I got thinking about this and came across a few potential problems - it would be very interesting to hear your thoughts on this, of you've had some - before I clone the code and play around with it.
First there is the conceptional issue with alternate recipes or recipes using (ore) dictionary ingredients. When there are mutilple recipes for some food that's not immediately an issue since he player can select which ingredients he or she wants to use.but for cascading crafting we might run into problems if one of the ingredients that has to be crafted has multiple recipes. But that is only if this case occurs at all.
Then there is the question on how to handle the process of finding possible "cascading recipes".
My first idea would be to handle even shaped recipes as shapeless (which, for the purpose of checking whether the player has all ingredients and for auto-crafting them, should be OK). If we then increase the number of possible ingredients from nine to infinite we can actually represent an entire tree of cascading recipes in one such structure.

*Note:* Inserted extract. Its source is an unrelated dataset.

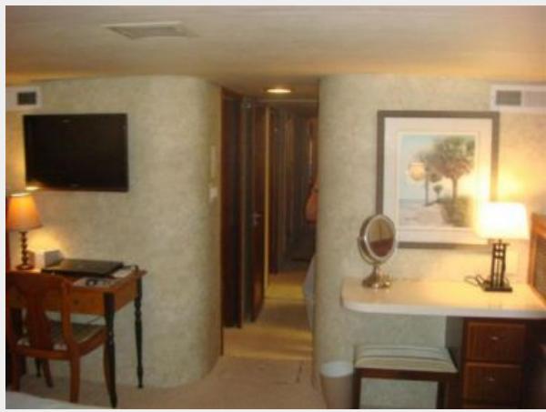
70' Hatteras Motoryacht master stateroom forward

And while increases the recipe list the performance impact of the recursion would mostly happen during initialization...
From a quick glance at the code it seems to me that approach might work and fit in with the existing code.
Still I'd be very happy to hear your thoughts on this, since I guess you might already have put some thinking into this issue.
Kind regards!
You were probably referring to the OP, but I've given it thought so here's what I got. You can have a priority system, make the player prepare, or fail.

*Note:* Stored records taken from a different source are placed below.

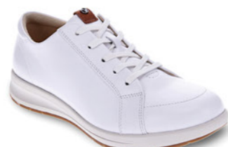
ATHENS Coconut WAS $199.95 NOW $169.95

ALL YOUR FAVOURITE REVERE SANDALS AVAILABLE IN A VARIETY OF COLOURS
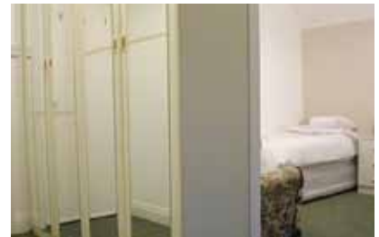
Upton Apartments - Bedroom
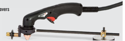
Circle cutting guides

Learn more at www.hypertherm.com/powermax30XP
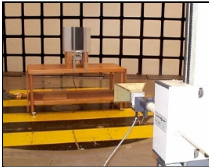
Fig. 2 – Photograph of the anechoic chamber with EUT. The antenna is shown on the right side.
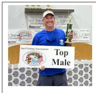
Top Male – 36 points
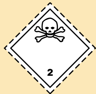
2.3 Toxic gases
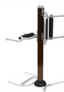
Waist & Back Massager (FTV-093)

For example, say toast can be made in two different mods, one by smelting bread and one by crafting a frying pan, butter and bread. Plus, you have a dedicated toaster that converts bread to toast. You have all the ingredients for all three versions (including a fueled oven and toaster). Assume a recipe calls for toast and any of the three will suffice.
Priority) You can give priority to the toaster, since it's a dedicated machine. If there's no toaster, priority goes to the oven (assuming the results can be brought back in) because it's more immersive than grid crafting.
Prepare) Have recipe cards or something a player can use (like filters) on processing machines to limit requests. This makes more work for the player (and coder) and has the autocrafting issue of having to pre-register every recipe.
Fail) You can refuse the request because it's not clear, forcing players to remove the toaster and frying pan to limit the options. However, that causes problems if the frying pan is needed later.
I'd suggest a combo idea. Use dedicated, or semi-dedicated items with priority. Give them in inventory that works as a filter (i.e., the toaster has slots, you put bread and poptarts in them so those items can be used, but will be taken from the pantry and fridge first with the internal buffer used last). The player can make recipe cards that will have priority over the regular system (i.e., like an autocrafting pattern that is checked before the list of crafting possibilities). When the chain isn't clear, don't do it (players need to maintain their workspace, it's not magic).
I'm inclined towards a much simpler system based on predefined recipe books you would most likely be able to find as dungeon loot. For example there would be a cheese themed book providing several cheesy meals as cascade recipes. Placing these in a bookshelf in the kitchen would make them available in the cooking table.
That way the recursive recipe scanning can be limited to those few selected items.
The toaster is not meant to be an automated piece of the kitchen, therefore it doesn't appear in the cooking table right now either. I'd also go as far as excluding the oven from this, given it's an asynchronous process unlike the crafting.